Generally, chemokines are produced locally at sites of inflammation or infection to regulate recruitment of other immune cells such as leukocytes and lymphocytes. The consistent increase of I-309 in the MCI-AD transition participants could indicate increasing brain injury or pathology. Chemokines are typically released by endothelial cells on stimulation by inflammatory cytokines [91], [92], [93], but I-309 is unusual because it is released by the more mobile T-lymphocytes, which could suggest a wider immune response from the body. One of the possible effects may be to attract immune cells to injured areas, such as to help clear away amyloid as seen in studies of the similar CCL2 receptor [94]. The current data suggest that plasma I-309 levels may be most useful in the COU of detecting AD and distinguishing AD from MCI. Interestingly, we also find it to be changed significantly in those who underwent transition from MCI to AD over all three test periods. It is possible that specific alterations of I-309 at specific time points may also be indicative of imminent likelihood of transition from MCI to AD.

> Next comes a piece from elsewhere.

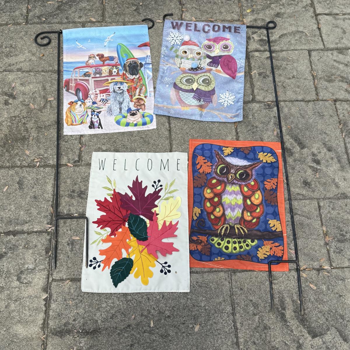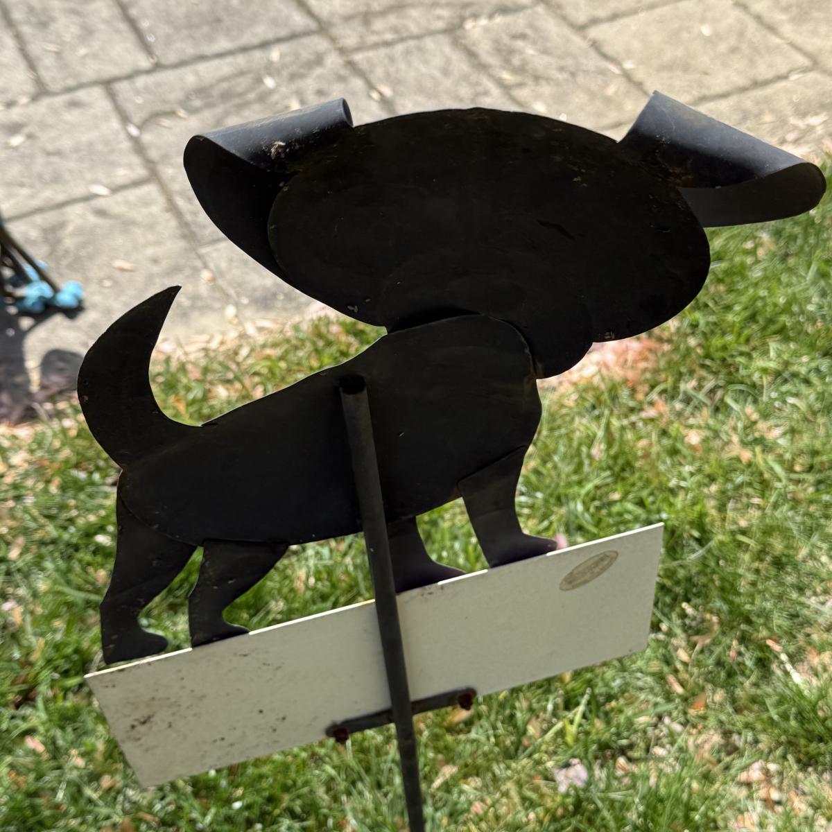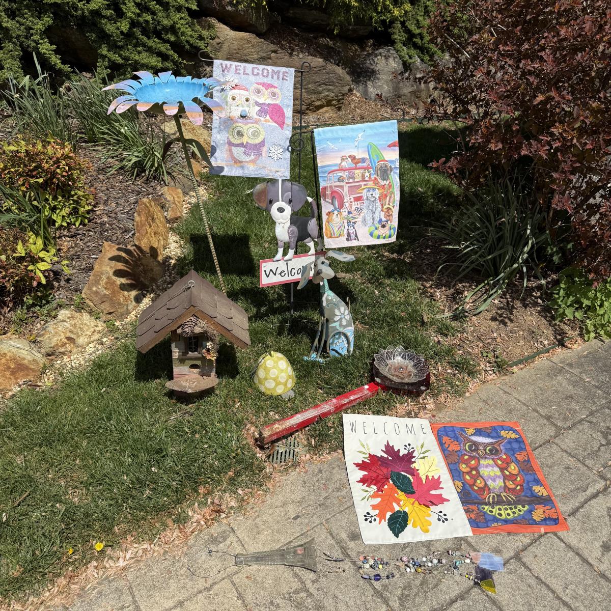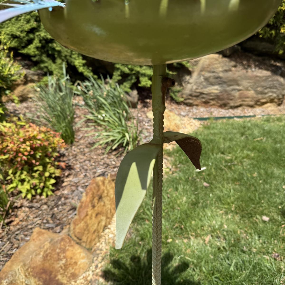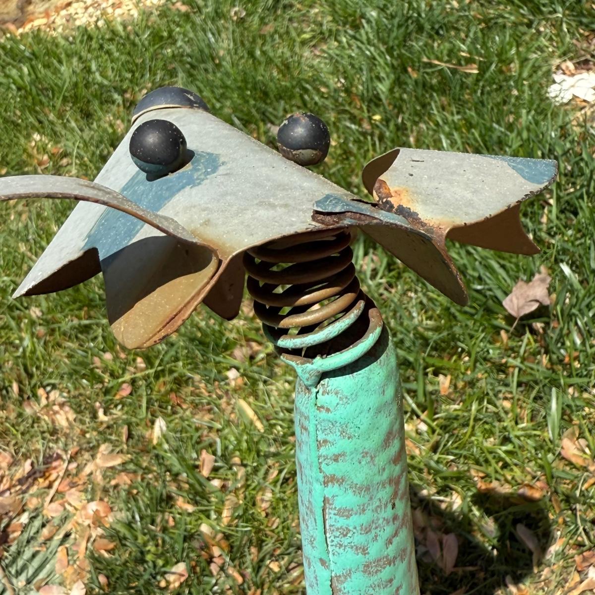 This fun collection of colorful garden decor items includes a birdhouse, a tall metal flower, two metal dogs, a mushroom cap bell, a glass wind chime, two flag stakes with four flags, and a wood and glass floral art piece. For reference, the tall metal flower is approximately 17.5”D x 48”H. The birdhouse is made of wood and has some natural elements, with plastic shingles. The mushroom bell is ceramic. Some rust and wear are found on some items. The wooden post of the glass/wood flower needs a stake added to keep it upright in the ground.

sVCAM1 belongs to a class of cell adhesion molecules (CAMs), binding proteins that appear to be important in inflammatory or injury processes involving the endothelium and blood cells, such as platelets. These soluble molecules are generally present in the circulation near sites of injury to the endothelium, such as an atherosclerotic plaque [95], [96], [97], [98], [99]. After cytokine activation, CAMS are released into the circulation, which may then be detected. It has been reported that measurement of these molecules could be useful in diagnosis of cardiovascular injury [100], [101], [102], [103]. When comparing the HC with AD participants, sVCAM did not change markedly until 36 months in our study. This delay might indicate that sVCAM might be a reparatory physiological response to injury and inflammation, rather than an initiator that directly influences the pathology because it is upregulated in endothelial cells that have been stimulated by cytokines [104]. It mediates the adhesion of lymphocytes, monocytes, eosinophils, and basophils to the vasculature [105], [106] and is implicated in the early stages of atherosclerosis [107]. This suggests that peripheral vascular injury contributes to the pathology of the AD-affected brain. Further follow-up examinations of the cohort would help to shed more light on the physiological processes involved.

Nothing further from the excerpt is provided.